● **Description of the task**
Output the listing word for word, minus images.

● **Dataset extract**
#####
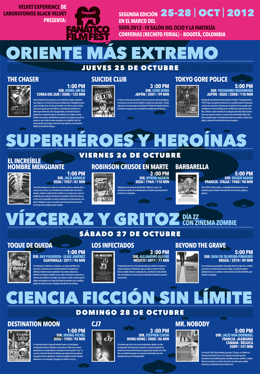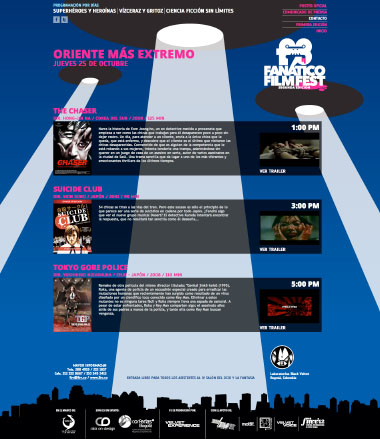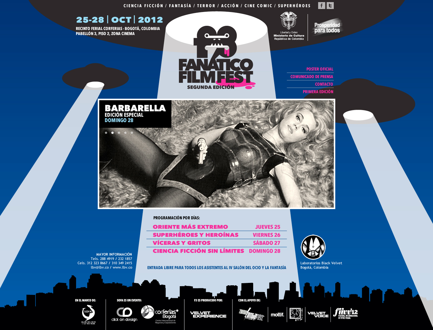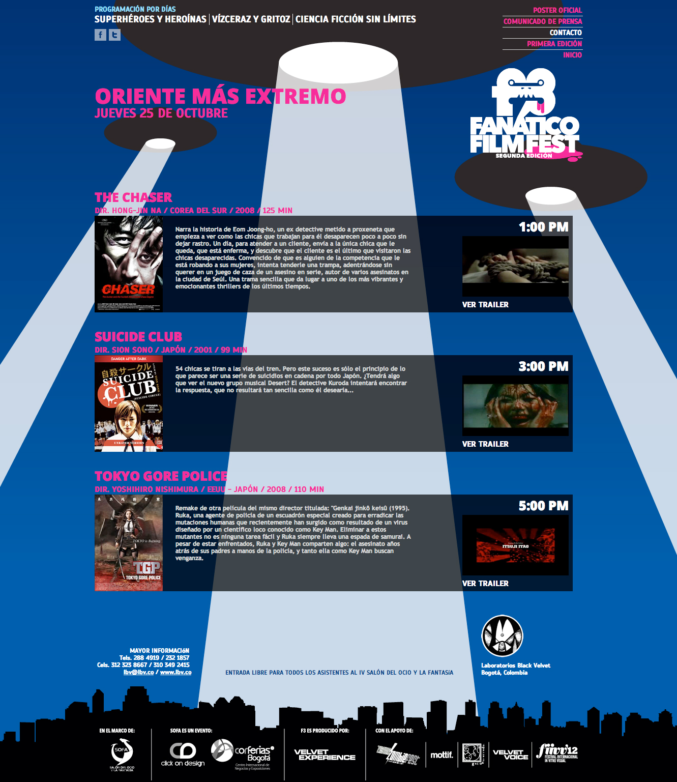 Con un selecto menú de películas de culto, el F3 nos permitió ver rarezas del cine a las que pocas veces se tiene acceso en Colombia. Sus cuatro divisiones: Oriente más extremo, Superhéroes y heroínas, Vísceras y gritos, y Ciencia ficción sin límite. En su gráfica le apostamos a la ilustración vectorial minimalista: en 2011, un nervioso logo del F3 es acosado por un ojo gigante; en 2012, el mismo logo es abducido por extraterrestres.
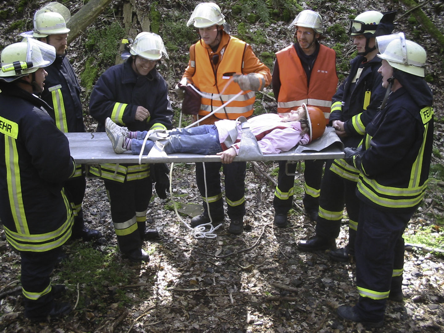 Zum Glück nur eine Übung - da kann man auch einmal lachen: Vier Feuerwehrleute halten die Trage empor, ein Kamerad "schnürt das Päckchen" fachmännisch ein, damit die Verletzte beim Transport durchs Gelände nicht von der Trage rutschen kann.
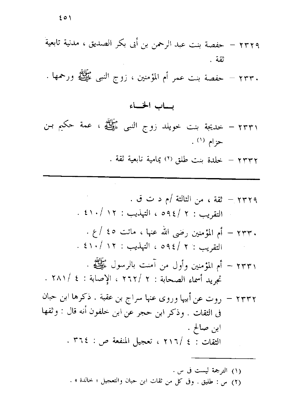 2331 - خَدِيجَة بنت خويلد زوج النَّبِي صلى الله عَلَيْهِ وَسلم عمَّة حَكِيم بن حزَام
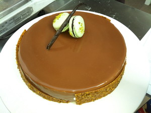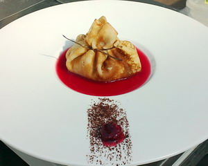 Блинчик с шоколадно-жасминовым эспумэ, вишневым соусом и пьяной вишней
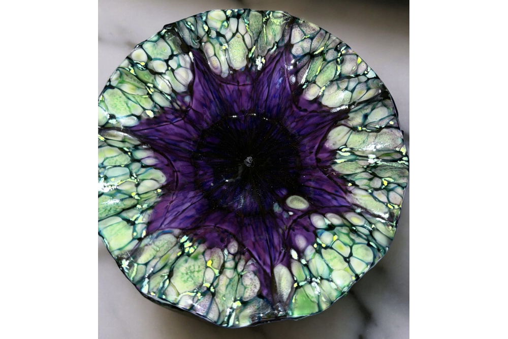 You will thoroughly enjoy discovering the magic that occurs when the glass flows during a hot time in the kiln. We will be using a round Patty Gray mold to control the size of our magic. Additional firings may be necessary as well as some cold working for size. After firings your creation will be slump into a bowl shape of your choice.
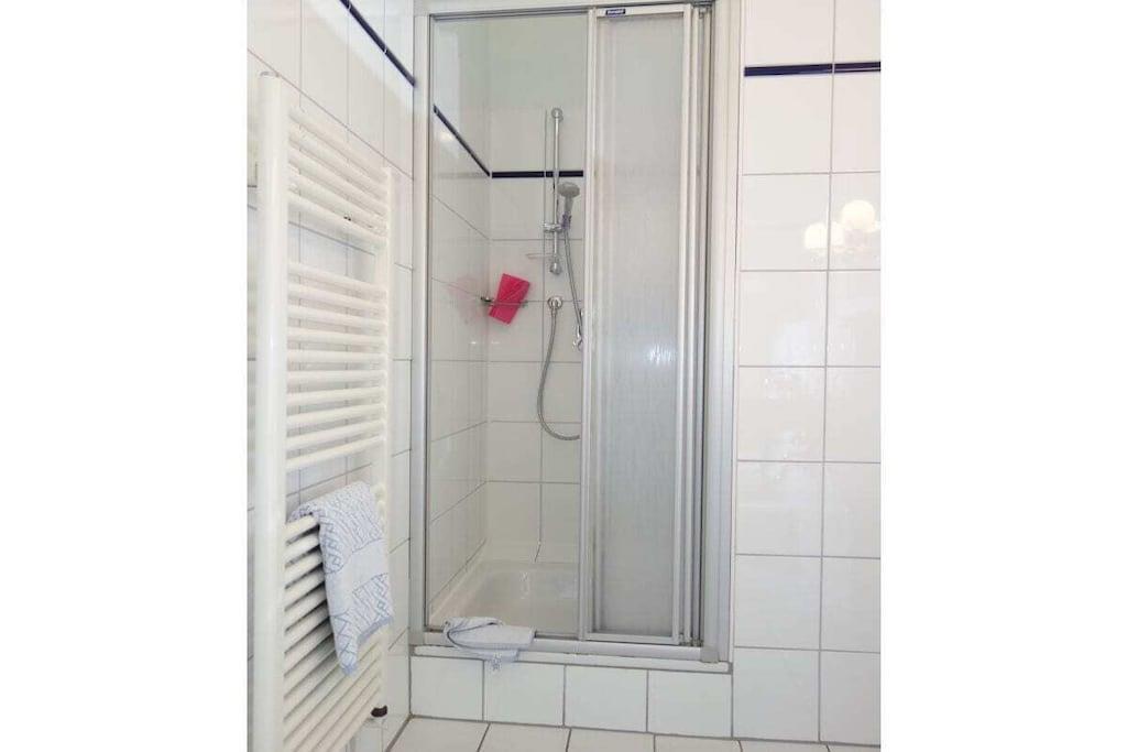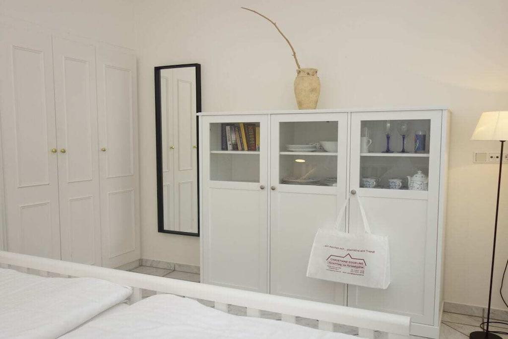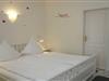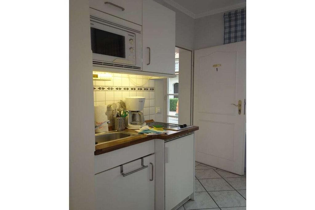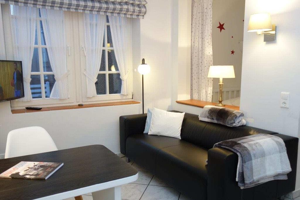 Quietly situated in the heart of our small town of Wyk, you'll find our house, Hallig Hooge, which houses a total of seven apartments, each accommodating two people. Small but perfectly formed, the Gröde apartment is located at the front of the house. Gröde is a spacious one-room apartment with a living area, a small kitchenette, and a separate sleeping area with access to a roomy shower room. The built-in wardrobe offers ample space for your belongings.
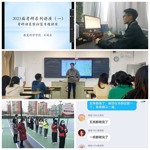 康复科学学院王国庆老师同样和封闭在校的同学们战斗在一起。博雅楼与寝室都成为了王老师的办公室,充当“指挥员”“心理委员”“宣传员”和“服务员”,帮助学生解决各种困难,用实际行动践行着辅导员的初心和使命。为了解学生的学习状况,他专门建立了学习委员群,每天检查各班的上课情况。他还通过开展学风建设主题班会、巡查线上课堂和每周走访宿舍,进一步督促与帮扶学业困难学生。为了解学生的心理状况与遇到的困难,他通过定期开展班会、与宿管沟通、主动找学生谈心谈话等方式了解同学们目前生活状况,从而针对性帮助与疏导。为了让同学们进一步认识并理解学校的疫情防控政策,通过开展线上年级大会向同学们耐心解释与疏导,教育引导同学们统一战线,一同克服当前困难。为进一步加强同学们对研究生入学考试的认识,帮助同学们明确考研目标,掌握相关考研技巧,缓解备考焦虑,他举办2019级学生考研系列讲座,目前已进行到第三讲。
#####
● **Task solution**
 Con un selecto menú de películas de culto, el F3 nos permitió ver rarezas del cine a las que pocas veces se tiene acceso en Colombia. Sus cuatro divisiones: Oriente más extremo, Superhéroes y heroínas, Vísceras y gritos, y Ciencia ficción sin límite. En su gráfica le apostamos a la ilustración vectorial minimalista: en 2011, un nervioso logo del F3 es acosado por un ojo gigante; en 2012, el mismo logo es abducido por extraterrestres.
 Zum Glück nur eine Übung - da kann man auch einmal lachen: Vier Feuerwehrleute halten die Trage empor, ein Kamerad "schnürt das Päckchen" fachmännisch ein, damit die Verletzte beim Transport durchs Gelände nicht von der Trage rutschen kann.
 2331 - خَدِيجَة بنت خويلد زوج النَّبِي صلى الله عَلَيْهِ وَسلم عمَّة حَكِيم بن حزَام
 Блинчик с шоколадно-жасминовым эспумэ, вишневым соусом и пьяной вишней
 You will thoroughly enjoy discovering the magic that occurs when the glass flows during a hot time in the kiln. We will be using a round Patty Gray mold to control the size of our magic. Additional firings may be necessary as well as some cold working for size. After firings your creation will be slump into a bowl shape of your choice.
 Quietly situated in the heart of our small town of Wyk, you'll find our house, Hallig Hooge, which houses a total of seven apartments, each accommodating two people. Small but perfectly formed, the Gröde apartment is located at the front of the house. Gröde is a spacious one-room apartment with a living area, a small kitchenette, and a separate sleeping area with access to a roomy shower room. The built-in wardrobe offers ample space for your belongings.
 康复科学学院王国庆老师同样和封闭在校的同学们战斗在一起。博雅楼与寝室都成为了王老师的办公室,充当“指挥员”“心理委员”“宣传员”和“服务员”,帮助学生解决各种困难,用实际行动践行着辅导员的初心和使命。为了解学生的学习状况,他专门建立了学习委员群,每天检查各班的上课情况。他还通过开展学风建设主题班会、巡查线上课堂和每周走访宿舍,进一步督促与帮扶学业困难学生。为了解学生的心理状况与遇到的困难,他通过定期开展班会、与宿管沟通、主动找学生谈心谈话等方式了解同学们目前生活状况,从而针对性帮助与疏导。为了让同学们进一步认识并理解学校的疫情防控政策,通过开展线上年级大会向同学们耐心解释与疏导,教育引导同学们统一战线,一同克服当前困难。为进一步加强同学们对研究生入学考试的认识,帮助同学们明确考研目标,掌握相关考研技巧,缓解备考焦虑,他举办2019级学生考研系列讲座,目前已进行到第三讲。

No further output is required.